In Fisher v. University of Texas (2016), the Supreme Court affirmed a race-conscious admissions policy of the University of Texas under the Equal Protection Clause of the 14th Amendment. The race-conscious admission policy offered admission to any student who graduated from a Texas high school in the top 10% of their class further, the remainder of the new students were admitted on the basis of an “Academic Index” of the applicant, which consisted of high school academic performance, SAT scores along with the “Personal Achievement Index” which was a holistic review containing various factors including race.

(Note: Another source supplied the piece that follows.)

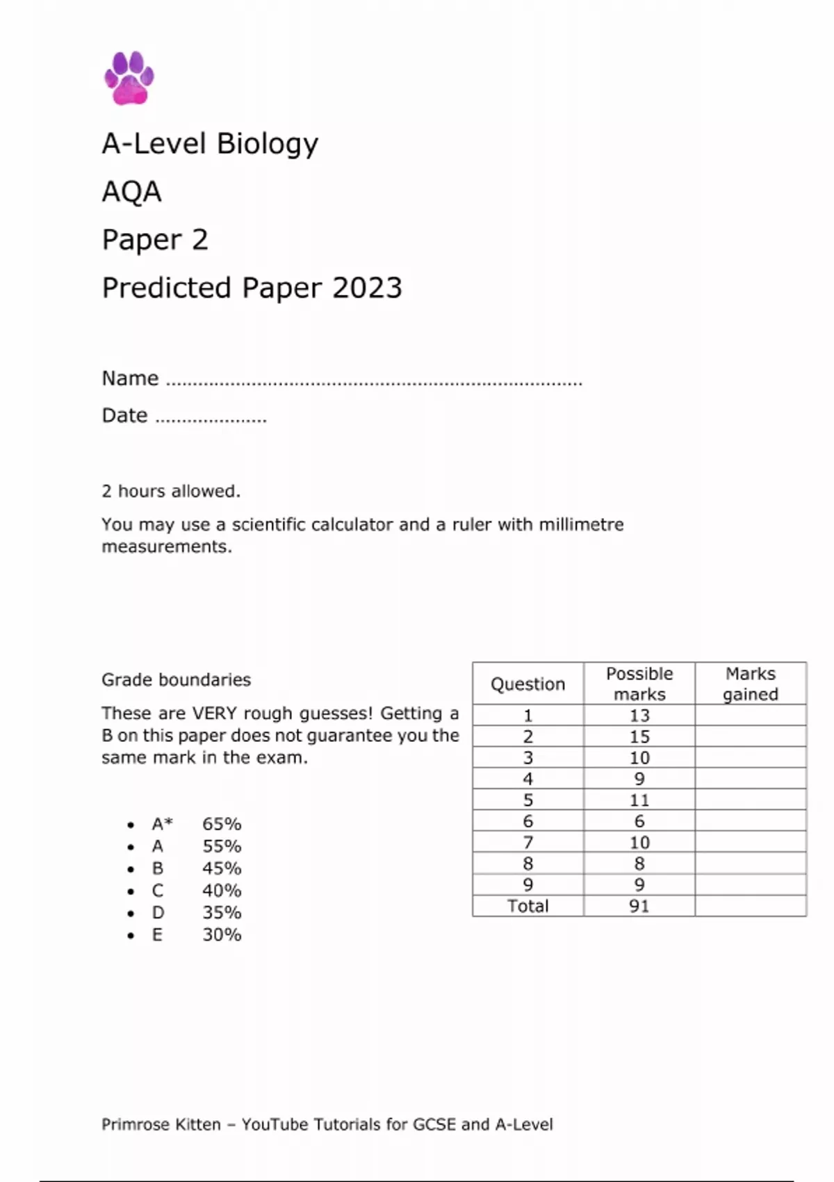 - AQA A LEVEL BIOLOGY PAPER 2 PREDICTED PAPER 2023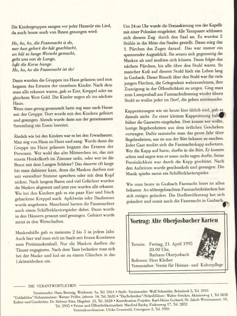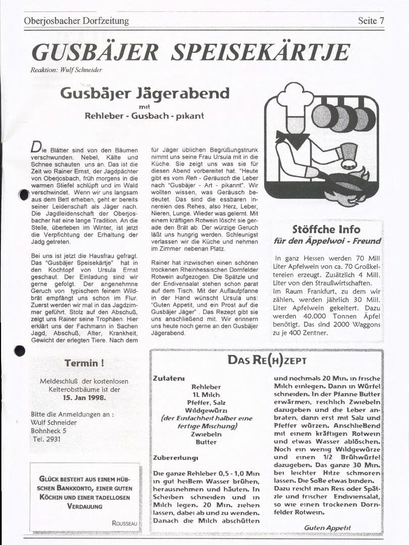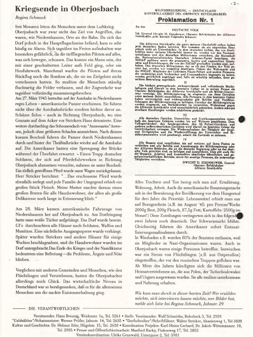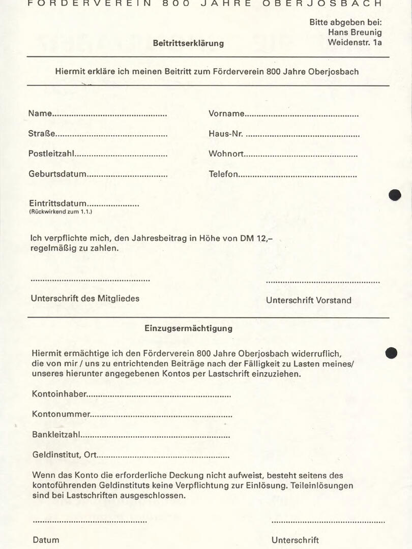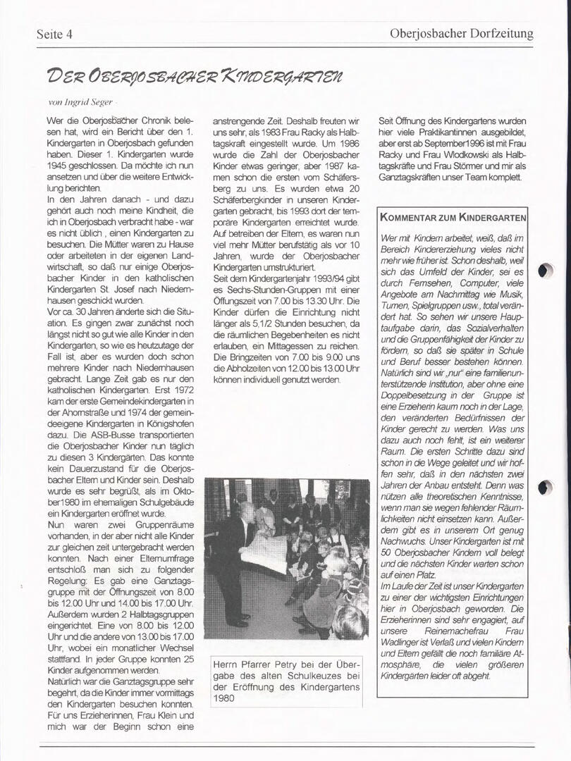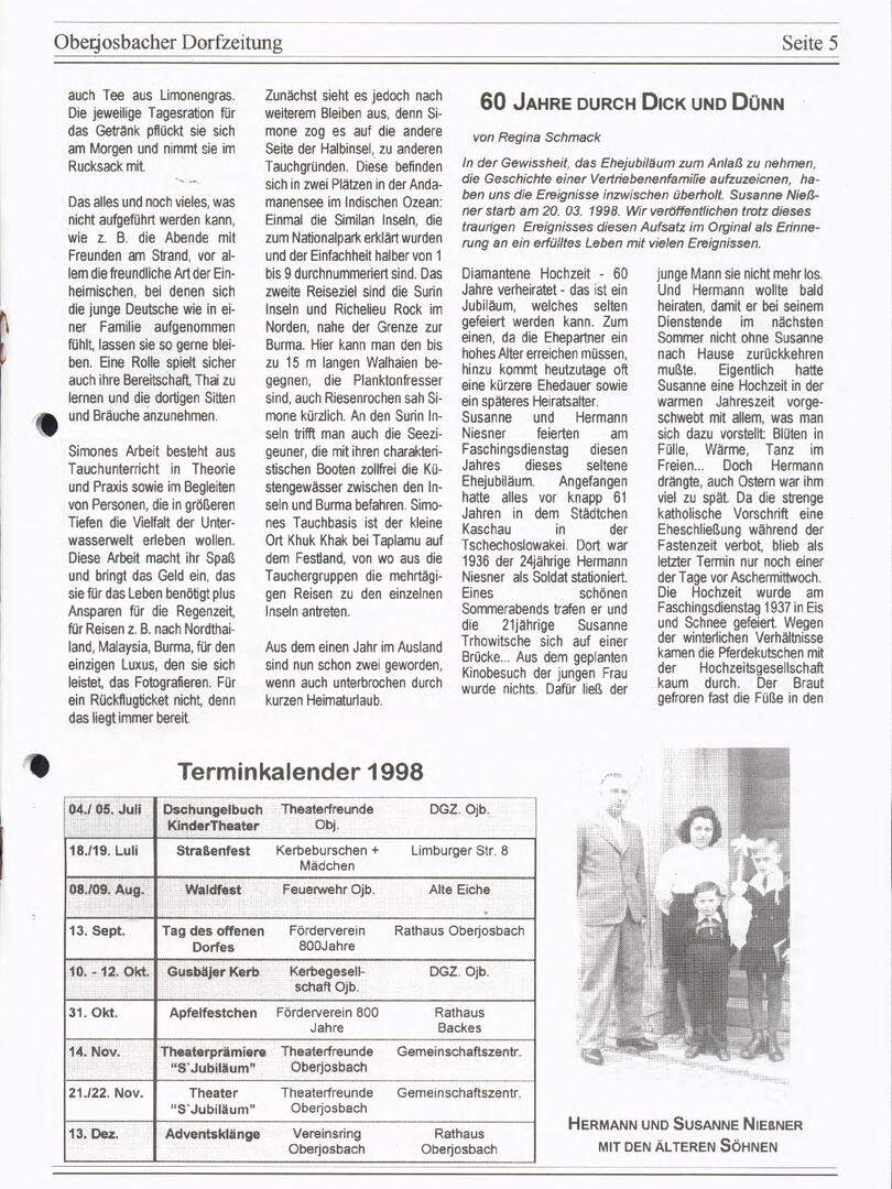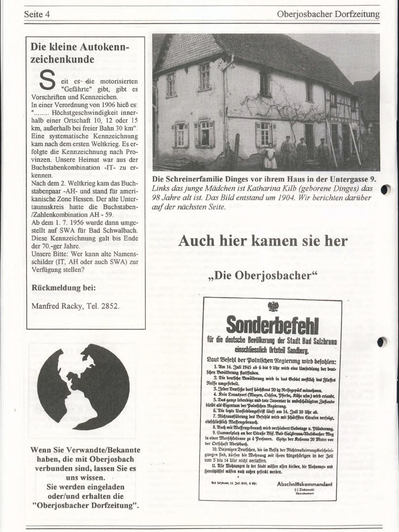 Im November 1994 erschien die erste Ausgabe der Oberjosbacher Dorfzeitung – ursprünglich, um die Oberjosbacher auf das bevorstehende 800-jährige Ortsjubiläum einzustimmen und zu motivieren. Anfangs wurde die Zeitschrift viermal im Jahr veröffentlicht. Doch aufgrund des hohen Arbeitsaufwands und der damals beträchtlichen Druckkosten musste die Erscheinungsfrequenz im Laufe der Jahre reduziert werden – zunächst auf zwei, später auf eine Ausgabe pro Jahr.

Justice Kennedy leading the 4:3 decision, held that the compelling interest which justifies consideration of race in the admission process is the interest in obtaining the educational benefits which flow from a diverse student body. The court held that consideration of race as one of the factors was a symbol of narrow tailoring, not evidence of unconstitutionality. Ultimately, the court held that the petitioner failed to provide any meaningful way in which the present admission policy would have improved in such a way that it followed Grutter’s decision which aimed at diversity by giving preference to underrepresented races in admission as envisioned by the Bakke decision.
Therefore, it can be concluded that in the USA, it is unconstitutional to fix quotas in admissions solely on the basis of race because it would not withstand the strict scrutiny test as held in the above-mentioned cases. Although race can be one of the criteria for giving preference to the candidate in admissions to increase the diversity of the student body.